Then there is the combat...in my estimation, the least successful part of the experience. Over time I discovered more powerful weapons, from this weird world’s versions of a pistol to a grenade launcher. I was only able to collect ammunition at certain depots and only in very limited amounts, while the pathetic creatures (three or four enemy types, plus a single boss) that scurried around this nightmarish labyrinth were able to inflict massive damage on me rather easily and killed me quite often.
Those deaths ended up more frustrating than they needed to be at times. In a central part of the campaign, I was forced to repeat a fairly long section several times due to a poorly placed checkpoint that left me with a scant amount of life and few bullets—a nightmare scenario that Scorn did not seem interested in rescuing me from. This led me to employ trial-and-error tactics in an attempt to overcome sequences like this without the ability to withstand even a single blow...which, of course, was most frustrating indeed.
Even the game’s desperately needed health recharges were offered sparingly but still in a disgusting manner, as I had to squish a starfish-like creature to recover some energy. Scorn would have been better off with an automatic health recovery system (à la Halo). In fact, perhaps it would have been better not to include combat at all; gunplay isn’t really the point in a game of this ilk, and on top of that, it’s stiff and unresponsive at its best moments here.
If the intention of the Scorn developers was to give life to a gruesome visual experience like the video game world has never seen, I can certainly say that they succeeded here. Virtually every single graphic element of the game conveys nastiness and foreboding: the bars that look like vertebrae because they are actually vertebrae, the miserable creatures I met along the way, the monstrous parasite that literally had me clinging to my guts, and so on.
The enemies are a bit of a disappointment as they aren’t too varied, but the level design they’re roaming around within is top-notch stuff.
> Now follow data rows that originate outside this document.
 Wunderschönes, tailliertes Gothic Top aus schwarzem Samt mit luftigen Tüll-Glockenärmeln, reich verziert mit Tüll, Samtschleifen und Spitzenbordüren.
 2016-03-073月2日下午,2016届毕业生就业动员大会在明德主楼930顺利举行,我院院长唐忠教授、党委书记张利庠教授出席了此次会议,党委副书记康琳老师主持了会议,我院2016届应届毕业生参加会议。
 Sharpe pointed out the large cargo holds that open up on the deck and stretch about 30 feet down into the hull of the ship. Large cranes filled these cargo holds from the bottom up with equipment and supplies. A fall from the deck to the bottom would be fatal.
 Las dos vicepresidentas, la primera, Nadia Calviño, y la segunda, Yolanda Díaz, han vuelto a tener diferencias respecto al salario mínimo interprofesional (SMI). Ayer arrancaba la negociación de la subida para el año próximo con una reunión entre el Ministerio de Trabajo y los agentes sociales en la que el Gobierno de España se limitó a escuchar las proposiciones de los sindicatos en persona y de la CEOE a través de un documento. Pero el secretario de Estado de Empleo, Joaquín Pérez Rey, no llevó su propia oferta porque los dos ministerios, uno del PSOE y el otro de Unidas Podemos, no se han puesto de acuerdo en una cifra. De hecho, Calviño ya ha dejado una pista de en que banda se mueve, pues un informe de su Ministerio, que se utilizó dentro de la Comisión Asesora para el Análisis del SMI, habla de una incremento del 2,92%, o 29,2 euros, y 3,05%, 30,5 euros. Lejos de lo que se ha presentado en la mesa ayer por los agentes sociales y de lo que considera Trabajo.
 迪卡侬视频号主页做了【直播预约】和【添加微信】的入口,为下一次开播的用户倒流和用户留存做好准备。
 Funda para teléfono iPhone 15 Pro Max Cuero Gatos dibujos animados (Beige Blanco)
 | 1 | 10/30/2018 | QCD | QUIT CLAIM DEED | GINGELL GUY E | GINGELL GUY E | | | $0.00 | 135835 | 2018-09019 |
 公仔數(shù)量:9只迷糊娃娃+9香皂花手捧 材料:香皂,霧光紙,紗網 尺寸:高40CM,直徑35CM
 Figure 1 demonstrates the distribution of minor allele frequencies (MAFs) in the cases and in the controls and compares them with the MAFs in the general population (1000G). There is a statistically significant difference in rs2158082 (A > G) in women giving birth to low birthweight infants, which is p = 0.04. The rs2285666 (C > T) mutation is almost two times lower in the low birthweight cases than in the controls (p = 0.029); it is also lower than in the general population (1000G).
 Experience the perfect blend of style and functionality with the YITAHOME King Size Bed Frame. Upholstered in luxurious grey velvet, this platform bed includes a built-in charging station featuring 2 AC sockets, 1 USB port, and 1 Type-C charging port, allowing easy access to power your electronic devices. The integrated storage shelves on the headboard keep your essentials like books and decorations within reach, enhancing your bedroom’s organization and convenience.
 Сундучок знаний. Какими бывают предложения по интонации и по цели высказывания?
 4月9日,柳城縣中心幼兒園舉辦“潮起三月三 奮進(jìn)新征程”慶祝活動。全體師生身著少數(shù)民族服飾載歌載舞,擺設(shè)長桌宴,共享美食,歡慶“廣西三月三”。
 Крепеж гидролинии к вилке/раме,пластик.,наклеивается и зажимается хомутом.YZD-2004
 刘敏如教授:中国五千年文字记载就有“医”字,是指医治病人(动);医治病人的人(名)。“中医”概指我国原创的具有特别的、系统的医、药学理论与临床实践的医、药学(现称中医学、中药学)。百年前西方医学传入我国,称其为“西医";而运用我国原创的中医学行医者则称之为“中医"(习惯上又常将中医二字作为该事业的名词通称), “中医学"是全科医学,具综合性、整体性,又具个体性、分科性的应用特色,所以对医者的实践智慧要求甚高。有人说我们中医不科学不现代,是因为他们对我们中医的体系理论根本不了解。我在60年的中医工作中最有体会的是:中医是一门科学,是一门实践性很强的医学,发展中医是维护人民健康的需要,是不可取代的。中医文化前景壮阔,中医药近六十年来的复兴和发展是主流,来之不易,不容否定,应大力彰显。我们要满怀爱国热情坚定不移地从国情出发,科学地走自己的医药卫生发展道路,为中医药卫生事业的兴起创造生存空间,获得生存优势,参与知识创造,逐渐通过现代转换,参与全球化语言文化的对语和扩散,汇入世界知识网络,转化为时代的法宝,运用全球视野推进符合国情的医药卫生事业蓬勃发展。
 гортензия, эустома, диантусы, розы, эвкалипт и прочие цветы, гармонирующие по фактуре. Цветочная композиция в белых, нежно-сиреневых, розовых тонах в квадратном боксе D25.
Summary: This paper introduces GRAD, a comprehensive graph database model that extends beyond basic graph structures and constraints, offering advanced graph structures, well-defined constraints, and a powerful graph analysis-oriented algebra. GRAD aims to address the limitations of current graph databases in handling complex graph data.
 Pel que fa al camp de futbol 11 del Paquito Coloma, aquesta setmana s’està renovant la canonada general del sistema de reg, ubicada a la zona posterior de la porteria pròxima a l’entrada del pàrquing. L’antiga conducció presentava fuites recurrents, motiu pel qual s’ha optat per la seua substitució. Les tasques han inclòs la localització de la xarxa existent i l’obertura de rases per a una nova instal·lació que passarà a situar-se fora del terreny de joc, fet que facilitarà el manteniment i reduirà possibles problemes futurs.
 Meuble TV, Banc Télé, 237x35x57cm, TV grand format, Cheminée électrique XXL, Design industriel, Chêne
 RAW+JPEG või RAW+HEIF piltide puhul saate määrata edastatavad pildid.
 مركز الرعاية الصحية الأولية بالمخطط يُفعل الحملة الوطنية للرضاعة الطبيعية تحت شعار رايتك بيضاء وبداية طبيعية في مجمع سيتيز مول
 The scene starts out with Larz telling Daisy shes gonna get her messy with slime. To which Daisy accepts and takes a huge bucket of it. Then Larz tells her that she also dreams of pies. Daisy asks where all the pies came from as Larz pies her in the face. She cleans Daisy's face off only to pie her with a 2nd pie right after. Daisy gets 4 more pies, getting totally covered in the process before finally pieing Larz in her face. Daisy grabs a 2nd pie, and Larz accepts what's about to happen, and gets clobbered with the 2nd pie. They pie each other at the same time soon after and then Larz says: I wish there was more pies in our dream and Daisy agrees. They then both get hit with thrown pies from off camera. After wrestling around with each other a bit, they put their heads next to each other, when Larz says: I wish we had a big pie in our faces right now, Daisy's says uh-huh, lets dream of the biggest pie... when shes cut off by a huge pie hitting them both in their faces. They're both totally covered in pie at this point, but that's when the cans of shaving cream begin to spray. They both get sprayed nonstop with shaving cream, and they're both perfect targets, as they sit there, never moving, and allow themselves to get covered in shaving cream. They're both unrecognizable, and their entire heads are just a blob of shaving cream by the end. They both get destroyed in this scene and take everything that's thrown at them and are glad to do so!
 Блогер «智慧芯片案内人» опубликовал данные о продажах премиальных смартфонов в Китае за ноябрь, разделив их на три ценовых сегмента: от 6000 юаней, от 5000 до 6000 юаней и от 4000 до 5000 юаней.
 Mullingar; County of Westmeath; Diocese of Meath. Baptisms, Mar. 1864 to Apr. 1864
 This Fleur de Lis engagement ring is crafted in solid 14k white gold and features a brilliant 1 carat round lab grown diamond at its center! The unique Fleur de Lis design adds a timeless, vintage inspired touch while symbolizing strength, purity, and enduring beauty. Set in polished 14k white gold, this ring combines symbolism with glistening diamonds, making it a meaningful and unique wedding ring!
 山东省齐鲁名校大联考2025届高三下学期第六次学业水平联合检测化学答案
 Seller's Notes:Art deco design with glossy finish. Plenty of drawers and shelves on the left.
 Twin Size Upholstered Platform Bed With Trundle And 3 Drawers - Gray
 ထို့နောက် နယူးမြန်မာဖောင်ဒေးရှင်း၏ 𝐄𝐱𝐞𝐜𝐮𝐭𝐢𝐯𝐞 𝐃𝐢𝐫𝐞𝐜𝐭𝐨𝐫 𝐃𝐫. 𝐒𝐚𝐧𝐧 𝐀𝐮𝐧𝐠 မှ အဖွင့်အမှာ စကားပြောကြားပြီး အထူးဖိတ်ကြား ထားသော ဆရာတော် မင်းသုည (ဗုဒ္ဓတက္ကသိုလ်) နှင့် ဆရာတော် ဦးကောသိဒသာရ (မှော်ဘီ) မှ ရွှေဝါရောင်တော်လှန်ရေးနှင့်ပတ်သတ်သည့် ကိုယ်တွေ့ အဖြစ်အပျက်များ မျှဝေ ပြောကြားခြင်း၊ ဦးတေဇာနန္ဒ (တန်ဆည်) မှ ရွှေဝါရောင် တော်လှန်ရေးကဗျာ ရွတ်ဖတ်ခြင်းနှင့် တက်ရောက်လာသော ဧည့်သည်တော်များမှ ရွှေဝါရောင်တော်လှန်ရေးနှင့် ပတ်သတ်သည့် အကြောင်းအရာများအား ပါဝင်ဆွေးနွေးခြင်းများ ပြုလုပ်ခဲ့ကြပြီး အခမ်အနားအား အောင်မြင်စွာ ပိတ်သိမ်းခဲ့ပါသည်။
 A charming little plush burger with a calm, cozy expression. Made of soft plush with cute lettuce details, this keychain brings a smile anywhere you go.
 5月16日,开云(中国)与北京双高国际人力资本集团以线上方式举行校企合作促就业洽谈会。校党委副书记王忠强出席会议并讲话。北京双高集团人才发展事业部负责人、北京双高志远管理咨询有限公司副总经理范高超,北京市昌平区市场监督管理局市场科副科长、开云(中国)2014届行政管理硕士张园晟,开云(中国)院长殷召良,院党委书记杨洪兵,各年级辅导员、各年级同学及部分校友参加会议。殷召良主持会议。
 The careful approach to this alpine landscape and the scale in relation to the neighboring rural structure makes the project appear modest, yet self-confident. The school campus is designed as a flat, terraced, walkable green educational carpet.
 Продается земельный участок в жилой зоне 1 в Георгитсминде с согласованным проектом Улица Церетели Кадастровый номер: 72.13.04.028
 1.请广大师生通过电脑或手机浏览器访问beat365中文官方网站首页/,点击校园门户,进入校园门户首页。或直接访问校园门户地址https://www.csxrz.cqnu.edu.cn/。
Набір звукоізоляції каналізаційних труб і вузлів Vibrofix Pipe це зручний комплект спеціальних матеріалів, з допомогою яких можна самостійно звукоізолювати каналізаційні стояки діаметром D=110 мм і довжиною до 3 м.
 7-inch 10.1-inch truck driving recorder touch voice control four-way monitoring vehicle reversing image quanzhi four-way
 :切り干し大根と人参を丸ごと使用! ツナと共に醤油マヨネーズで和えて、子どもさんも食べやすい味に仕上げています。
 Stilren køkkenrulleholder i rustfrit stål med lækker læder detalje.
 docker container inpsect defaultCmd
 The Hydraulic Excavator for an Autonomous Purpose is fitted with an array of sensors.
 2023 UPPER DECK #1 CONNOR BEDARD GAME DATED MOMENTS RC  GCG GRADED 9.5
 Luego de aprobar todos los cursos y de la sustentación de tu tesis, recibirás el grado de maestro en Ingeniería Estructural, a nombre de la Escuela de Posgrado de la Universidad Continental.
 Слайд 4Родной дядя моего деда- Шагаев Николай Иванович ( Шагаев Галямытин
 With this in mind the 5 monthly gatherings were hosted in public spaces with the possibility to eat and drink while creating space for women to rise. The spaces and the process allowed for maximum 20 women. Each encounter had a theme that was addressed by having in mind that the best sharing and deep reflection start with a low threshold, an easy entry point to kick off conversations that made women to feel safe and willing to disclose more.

Claustrophobic architecture is offset by the desperate desolation of empty and open spaces; in particular the “cathedral” seen in the final stages of the campaign, with its perverse bas-reliefs, seems to tell the story of how this world went to hell.
That dark tale is also conveyed via Scorn’s bleak soundscape. The musical score and accompaniment barely exists, but the game does an excellent job in terms of sound design and effects, with screams, moans, and awful, squishy noises that lend to the overall mystery behind this nightmare experience.
Scorn offers a distressing and revolting visual experience that owes a great deal to the works of several horror masters. It’s a true journey into horror, as I wrote at the beginning, which leads to an exploration of a ghastly, brutish world in which flesh, blood, and metal come together in an excruciating way. The title is ruthless even in its mechanics, as it requires a bit of commitment to get into and is downright frustrating in some situations. The puzzles dress Scorn up just enough to make it something more than just another walking simulator, but the futile combat mechanics almost seem like an afterthought which drags down the experience...almost to the depths of video game damnation.
SCORE: 3 STARS OUT OF 5
PLAY IF YOU LIKE:
Succubus. While Scorn doesn’t entertain any of the lasciviousness that Madmind Studios’s game does, it does have a rather similar off-putting and sinister vibe throughout.
I Have No Mouth, and I Must Scream. Scorn may not be based on an unforgettable, mind-bending story by the great Harlan Ellison, but it does venture down the similar paths that Cyberdreams’s point-and-click classic does.
💬 Have you played Scorn? Let us know what you think of it in the comments! Even if you haven't played it, leave a comment sharing your thoughts on your favorite visceral horror games!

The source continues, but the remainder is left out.